▶ What to work on
Which lines of the entries below run from the one holding "gebratene Eiernudeln mit" to the one holding "Este convite tradicional", inclusive? Set down exactly those lines and no others.

▶ Extracted information
+ + +
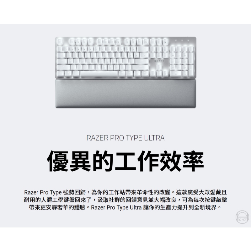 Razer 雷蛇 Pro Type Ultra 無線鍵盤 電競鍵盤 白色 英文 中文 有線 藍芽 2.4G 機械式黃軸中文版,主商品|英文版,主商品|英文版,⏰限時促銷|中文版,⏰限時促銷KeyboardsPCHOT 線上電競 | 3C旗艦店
+ + +
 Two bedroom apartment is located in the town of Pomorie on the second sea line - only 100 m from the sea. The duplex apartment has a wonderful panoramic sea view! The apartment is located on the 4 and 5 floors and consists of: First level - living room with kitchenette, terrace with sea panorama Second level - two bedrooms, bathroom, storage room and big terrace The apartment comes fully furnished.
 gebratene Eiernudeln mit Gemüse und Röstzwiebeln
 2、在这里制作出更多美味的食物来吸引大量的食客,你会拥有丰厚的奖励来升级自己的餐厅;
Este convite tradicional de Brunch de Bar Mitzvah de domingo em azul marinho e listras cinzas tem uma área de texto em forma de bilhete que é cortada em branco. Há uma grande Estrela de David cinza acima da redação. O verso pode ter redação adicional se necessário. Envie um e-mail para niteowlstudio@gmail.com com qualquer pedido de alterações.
+ + +
▶ Result
 gebratene Eiernudeln mit Gemüse und Röstzwiebeln
 2、在这里制作出更多美味的食物来吸引大量的食客,你会拥有丰厚的奖励来升级自己的餐厅;
Este convite tradicional de Brunch de Bar Mitzvah de domingo em azul marinho e listras cinzas tem uma área de texto em forma de bilhete que é cortada em branco. Há uma grande Estrela de David cinza acima da redação. O verso pode ter redação adicional se necessário. Envie um e-mail para niteowlstudio@gmail.com com qualquer pedido de alterações.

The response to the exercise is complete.